State & National
Florida lawmakers push to revive licensing for naturopathic doctors

Florida legislators are advancing a measure that would restore state licensing for naturopathic doctors, a practice the state eliminated decades ago. Supporters argue the change could help ease a growing physician shortage and expand patient choice, while critics contend it would open the door to treatments that lack scientific backing and could pose health risks.
Point / Counterpoint
The Ledger is neutral; these essays are not. Each side, as steel-manned as we can make it.
Point
Florida’s move to re-license naturopathic doctors is a measured, patient-centered response to a genuine crisis. The state’s physician shortage is not a hypothetical — rural and underserved communities across Florida already struggle to access basic primary care, and the gap is projected to widen as the population ages. Naturopathic doctors complete four-year graduate programs at accredited institutions covering clinical diagnosis, pharmacology, and a range of therapeutic disciplines. More than twenty states and the District of Columbia currently license naturopathic physicians, and Florida’s previous licensure framework, which existed until the 1950s, demonstrates this is not a radical experiment but a restoration of a regulated profession.
The central value at stake is patient autonomy. Adults in a free society have a right to seek the kind of care they believe serves their wellbeing, and the state’s role is to ensure that practitioners are trained, credentialed, and accountable — not to decide which healing philosophies are philosophically acceptable. Licensing naturopathic doctors actually increases oversight and public safety compared to the current situation, in which unregulated practitioners can operate without any state accountability whatsoever.
The doctor shortage argument is not a loophole — it is the core of the public health case. When Floridians in underserved areas cannot access a conventional physician for months, the relevant comparison is not between a naturopathic doctor and a perfectly available MD; it is between a licensed, regulated naturopathic practitioner and no care at all. Expanding the pool of licensed health professionals gives patients real options and creates accountability where none currently exists.

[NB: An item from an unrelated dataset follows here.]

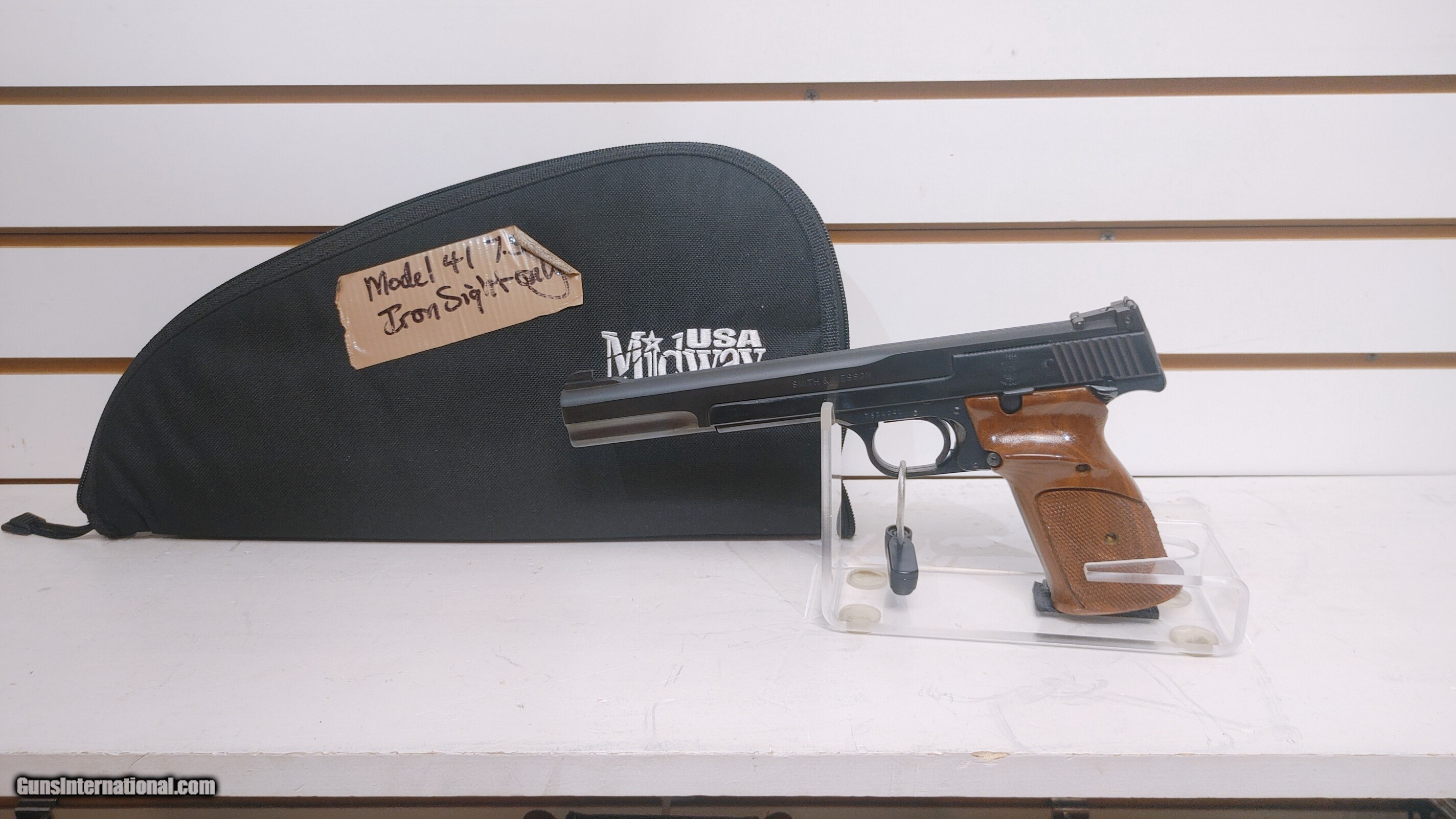 Description: Used Smith & Wesson Model 41 22 LR 1 mag 7 1/4" bbl very good condition soft pouch included Buyer pays shipping Millers Gun Center Located in New Castle, Delaware "Home of TAX-Free shopping" No Credit Card Fees SOLD Handgun Caliber: .22 Long Rifle Serial Number: TBZ4041 |

Licensure also does not mean carte blanche. States that license naturopathic physicians set clear scope-of-practice boundaries, require continuing education, and provide disciplinary mechanisms. Florida can design its framework to include the same guardrails, ensuring that licensed practitioners operate transparently within defined limits. The legislature is not being asked to endorse every modality associated with naturopathy; it is being asked to create a regulated, inspectable profession — which is precisely what patient safety requires.
Counterpoint
The push to re-license naturopathic doctors in Florida raises serious concerns that go beyond philosophical disagreement about medicine. The core problem is evidentiary: many treatments central to naturopathic practice — including homeopathy, detoxification regimens, and high-dose supplement protocols — have not been shown to be effective in rigorous clinical trials, and some carry documented risks of harm. Licensing a profession does not validate its underlying science; it lends state authority to practices that the scientific and medical consensus has not accepted. Florida legislators should weigh that consequence carefully.
The doctor shortage, while real, is a genuine problem that deserves genuine solutions. Expanding funding for medical school residency slots, increasing support for nurse practitioners and physician assistants with proven clinical training, and building out community health centers in underserved areas are all approaches that address the shortage without introducing practitioners whose therapeutic frameworks are contested. Using a healthcare access crisis as justification for licensing an alternative medicine profession risks treating a symptom — patients lacking options — in a way that could make health outcomes worse, not better.
Critics also note that scope-of-practice boundaries, once established on paper, have historically proven difficult to enforce. In states that license naturopathic doctors, there have been documented cases of practitioners advising patients to forgo conventional cancer treatment, delay childhood vaccination, or substitute unproven remedies for evidence-based therapies. The harm in such cases is not hypothetical; it is the downstream consequence of delayed or foregone care. Florida’s licensing framework would face the same enforcement challenges.
Finally, patient choice is a genuine value, but it is not unlimited in the context of professional licensure. The state’s license is not just a permission slip for the practitioner — it is a signal to patients that the state has evaluated the profession and found it trustworthy. Extending that signal to a field whose core practices remain scientifically disputed means the state is implicitly endorsing those practices to patients who may not have the background to evaluate them independently. That is a responsibility Florida’s legislature should not take lightly.